**Recorded information**
-- -- --

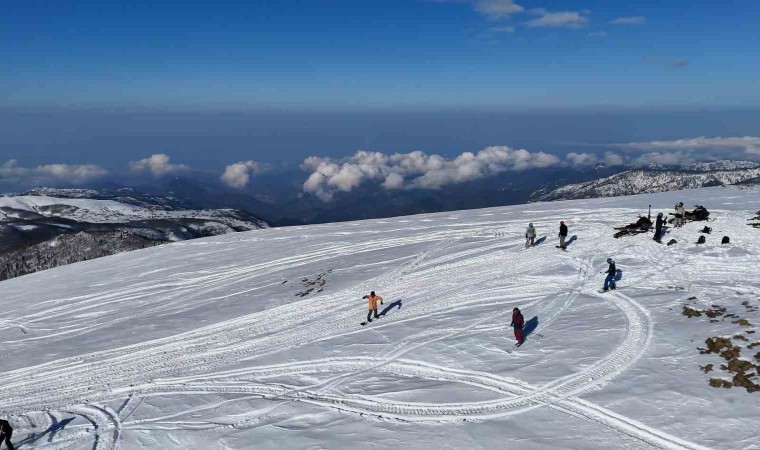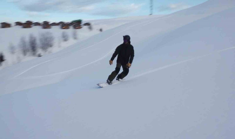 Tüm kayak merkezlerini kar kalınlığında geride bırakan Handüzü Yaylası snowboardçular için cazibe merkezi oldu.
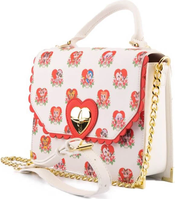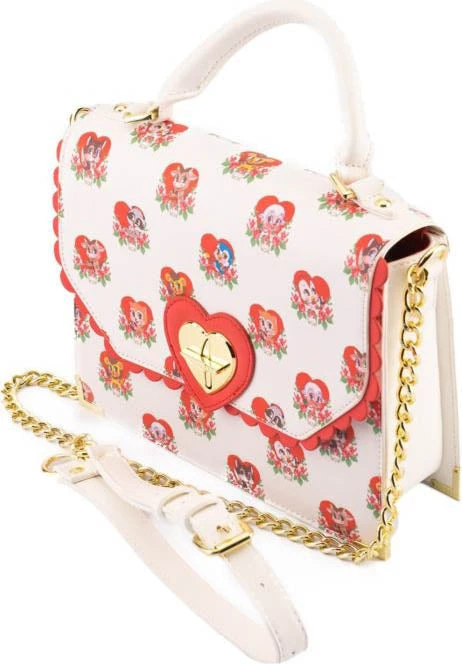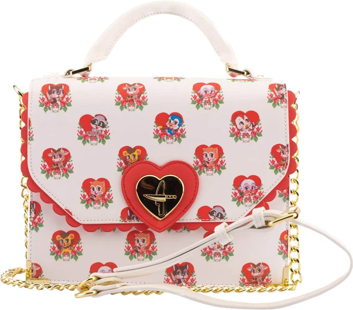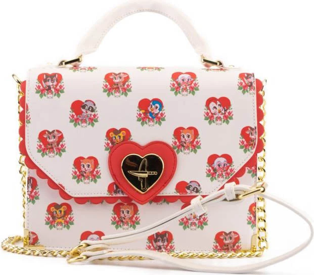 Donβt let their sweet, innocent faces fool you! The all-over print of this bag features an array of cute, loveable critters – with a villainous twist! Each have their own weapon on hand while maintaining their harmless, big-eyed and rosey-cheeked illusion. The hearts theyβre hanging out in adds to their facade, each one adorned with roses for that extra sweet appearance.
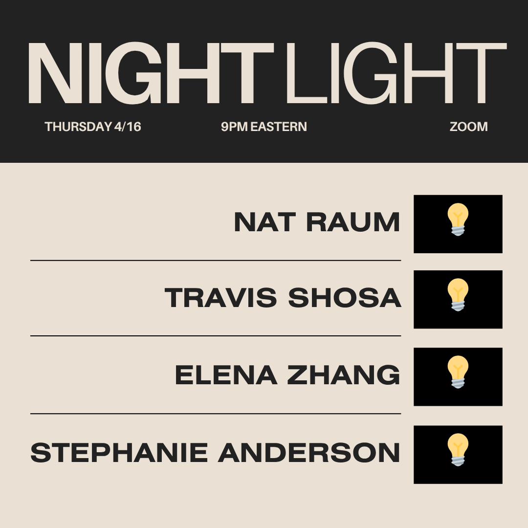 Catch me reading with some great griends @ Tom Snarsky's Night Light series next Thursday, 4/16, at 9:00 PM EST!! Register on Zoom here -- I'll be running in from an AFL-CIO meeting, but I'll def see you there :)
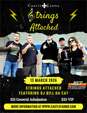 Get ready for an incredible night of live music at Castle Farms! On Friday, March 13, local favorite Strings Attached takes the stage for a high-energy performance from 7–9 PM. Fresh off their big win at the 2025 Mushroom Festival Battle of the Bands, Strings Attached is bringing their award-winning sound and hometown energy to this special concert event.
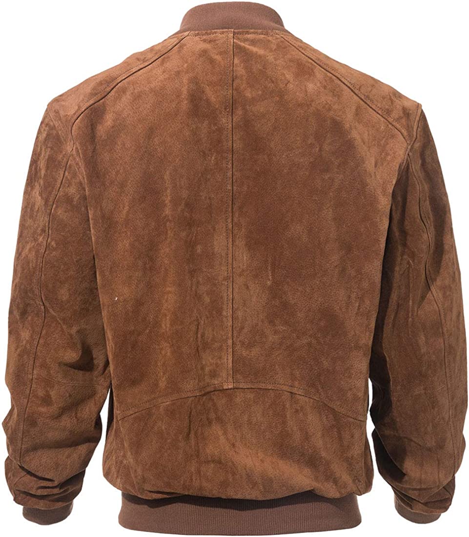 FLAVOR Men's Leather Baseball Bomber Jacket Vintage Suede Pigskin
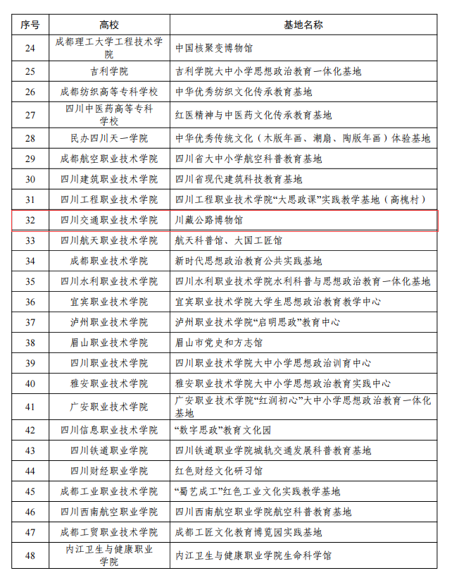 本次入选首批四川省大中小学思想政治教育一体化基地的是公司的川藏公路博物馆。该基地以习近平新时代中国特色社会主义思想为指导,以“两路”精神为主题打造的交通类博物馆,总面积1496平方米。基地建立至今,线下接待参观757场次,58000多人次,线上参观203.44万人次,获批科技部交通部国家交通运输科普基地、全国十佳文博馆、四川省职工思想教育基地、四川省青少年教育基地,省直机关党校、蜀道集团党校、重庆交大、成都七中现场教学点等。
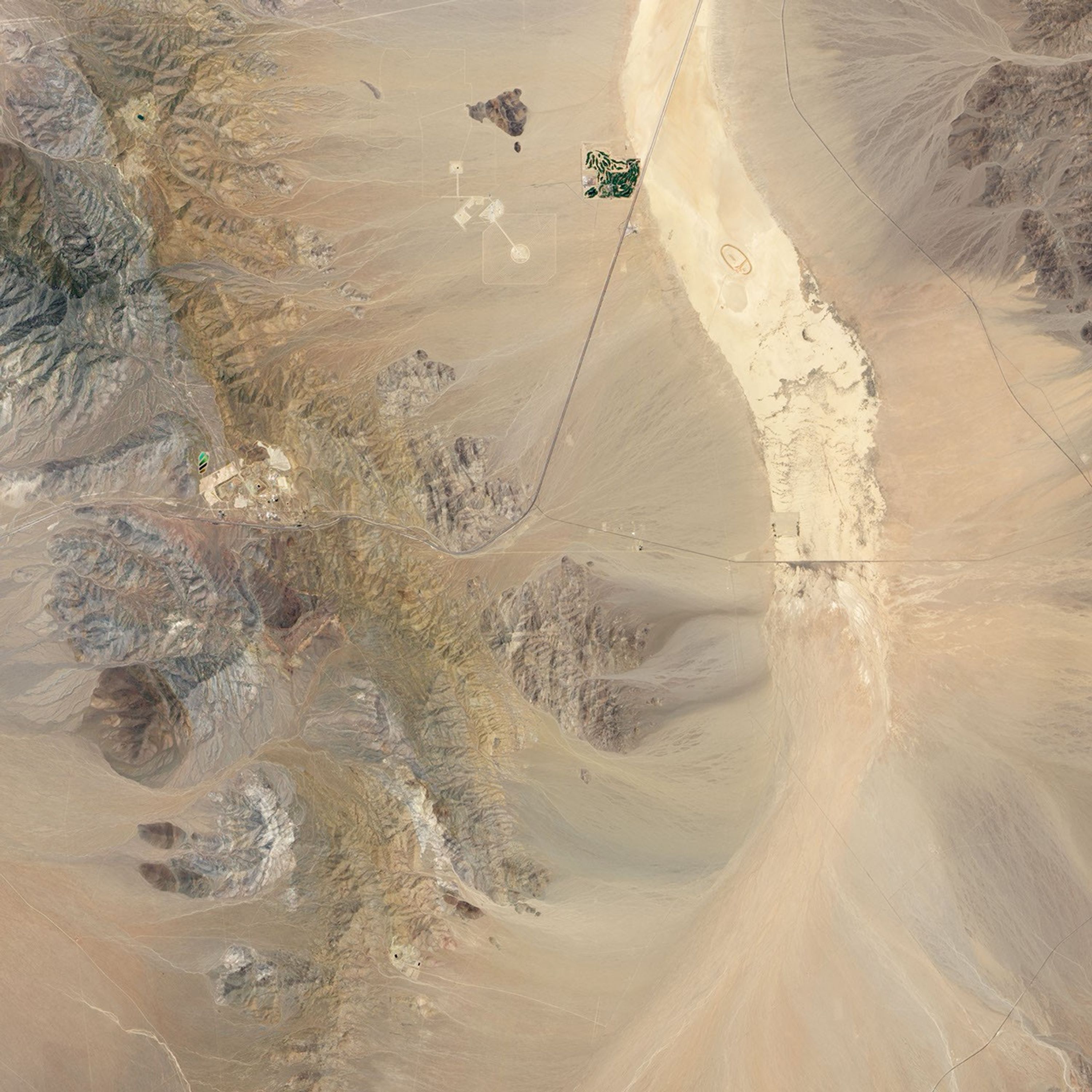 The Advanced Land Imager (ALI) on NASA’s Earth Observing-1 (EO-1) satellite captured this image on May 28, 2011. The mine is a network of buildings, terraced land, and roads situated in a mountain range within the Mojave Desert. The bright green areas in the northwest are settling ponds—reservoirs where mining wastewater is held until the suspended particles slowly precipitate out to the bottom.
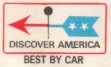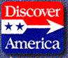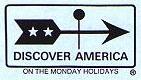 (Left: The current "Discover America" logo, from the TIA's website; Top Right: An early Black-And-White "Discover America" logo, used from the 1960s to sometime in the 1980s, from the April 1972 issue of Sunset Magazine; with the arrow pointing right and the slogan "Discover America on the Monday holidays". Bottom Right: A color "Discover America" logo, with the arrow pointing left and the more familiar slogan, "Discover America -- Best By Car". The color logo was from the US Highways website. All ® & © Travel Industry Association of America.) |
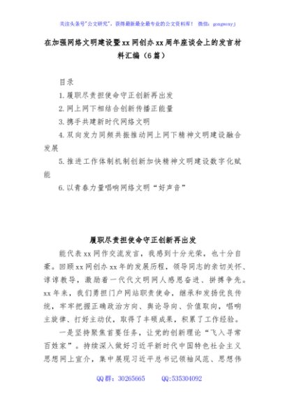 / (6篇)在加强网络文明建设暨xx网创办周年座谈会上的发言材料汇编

-- -- --

**Aim of the task**
Since the pictures are not wanted, give the material again exactly without them.

**Output of the task**
 Tüm kayak merkezlerini kar kalınlığında geride bırakan Handüzü Yaylası snowboardçular için cazibe merkezi oldu.
 Donβt let their sweet, innocent faces fool you! The all-over print of this bag features an array of cute, loveable critters – with a villainous twist! Each have their own weapon on hand while maintaining their harmless, big-eyed and rosey-cheeked illusion. The hearts theyβre hanging out in adds to their facade, each one adorned with roses for that extra sweet appearance.
 Catch me reading with some great griends @ Tom Snarsky's Night Light series next Thursday, 4/16, at 9:00 PM EST!! Register on Zoom here -- I'll be running in from an AFL-CIO meeting, but I'll def see you there :)
 Get ready for an incredible night of live music at Castle Farms! On Friday, March 13, local favorite Strings Attached takes the stage for a high-energy performance from 7–9 PM. Fresh off their big win at the 2025 Mushroom Festival Battle of the Bands, Strings Attached is bringing their award-winning sound and hometown energy to this special concert event.
 FLAVOR Men's Leather Baseball Bomber Jacket Vintage Suede Pigskin
 本次入选首批四川省大中小学思想政治教育一体化基地的是公司的川藏公路博物馆。该基地以习近平新时代中国特色社会主义思想为指导,以“两路”精神为主题打造的交通类博物馆,总面积1496平方米。基地建立至今,线下接待参观757场次,58000多人次,线上参观203.44万人次,获批科技部交通部国家交通运输科普基地、全国十佳文博馆、四川省职工思想教育基地、四川省青少年教育基地,省直机关党校、蜀道集团党校、重庆交大、成都七中现场教学点等。
 The Advanced Land Imager (ALI) on NASA’s Earth Observing-1 (EO-1) satellite captured this image on May 28, 2011. The mine is a network of buildings, terraced land, and roads situated in a mountain range within the Mojave Desert. The bright green areas in the northwest are settling ponds—reservoirs where mining wastewater is held until the suspended particles slowly precipitate out to the bottom.
 (Left: The current "Discover America" logo, from the TIA's website; Top Right: An early Black-And-White "Discover America" logo, used from the 1960s to sometime in the 1980s, from the April 1972 issue of Sunset Magazine; with the arrow pointing right and the slogan "Discover America on the Monday holidays". Bottom Right: A color "Discover America" logo, with the arrow pointing left and the more familiar slogan, "Discover America -- Best By Car". The color logo was from the US Highways website. All ® & © Travel Industry Association of America.) |
 / (6篇)在加强网络文明建设暨xx网创办周年座谈会上的发言材料汇编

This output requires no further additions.